- What you are asked to do
Output every line below as it stands, dropping only the images.

- Data provided
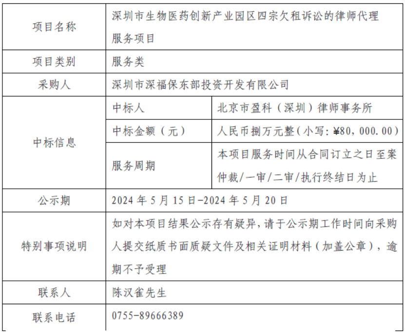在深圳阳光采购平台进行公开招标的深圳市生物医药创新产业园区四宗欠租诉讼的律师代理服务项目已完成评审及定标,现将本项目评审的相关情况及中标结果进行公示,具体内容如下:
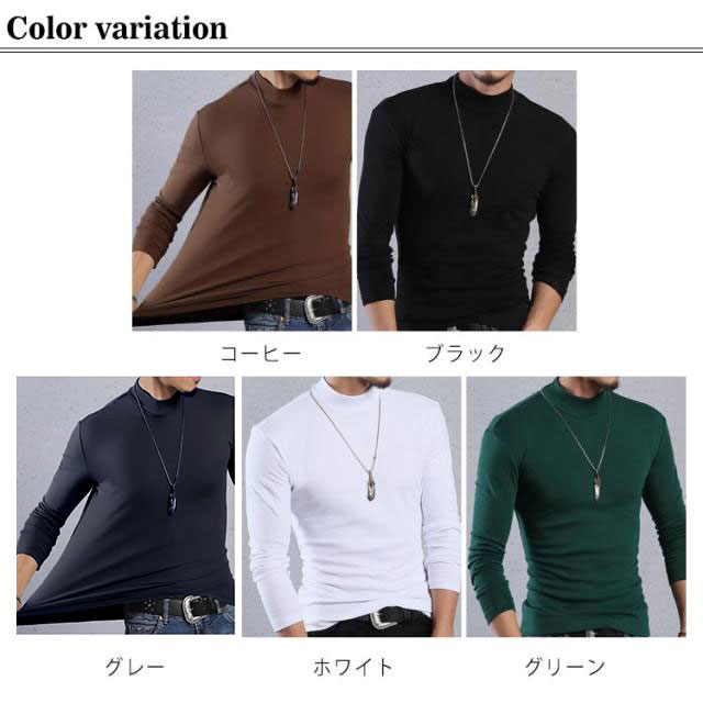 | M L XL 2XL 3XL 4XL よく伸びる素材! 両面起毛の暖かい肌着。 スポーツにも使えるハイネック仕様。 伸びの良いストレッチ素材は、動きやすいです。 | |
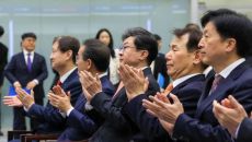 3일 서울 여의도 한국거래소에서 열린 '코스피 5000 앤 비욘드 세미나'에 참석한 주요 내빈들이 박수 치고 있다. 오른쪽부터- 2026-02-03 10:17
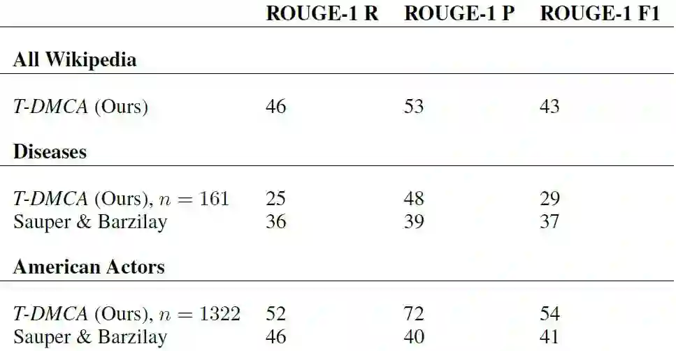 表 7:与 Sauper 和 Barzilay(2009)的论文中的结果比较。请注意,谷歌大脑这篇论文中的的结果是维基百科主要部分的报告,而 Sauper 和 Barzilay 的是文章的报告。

- Solution
在深圳阳光采购平台进行公开招标的深圳市生物医药创新产业园区四宗欠租诉讼的律师代理服务项目已完成评审及定标,现将本项目评审的相关情况及中标结果进行公示,具体内容如下:
 | M L XL 2XL 3XL 4XL よく伸びる素材! 両面起毛の暖かい肌着。 スポーツにも使えるハイネック仕様。 伸びの良いストレッチ素材は、動きやすいです。 | |
 3일 서울 여의도 한국거래소에서 열린 '코스피 5000 앤 비욘드 세미나'에 참석한 주요 내빈들이 박수 치고 있다. 오른쪽부터- 2026-02-03 10:17
 表 7:与 Sauper 和 Barzilay(2009)的论文中的结果比较。请注意,谷歌大脑这篇论文中的的结果是维基百科主要部分的报告,而 Sauper 和 Barzilay 的是文章的报告。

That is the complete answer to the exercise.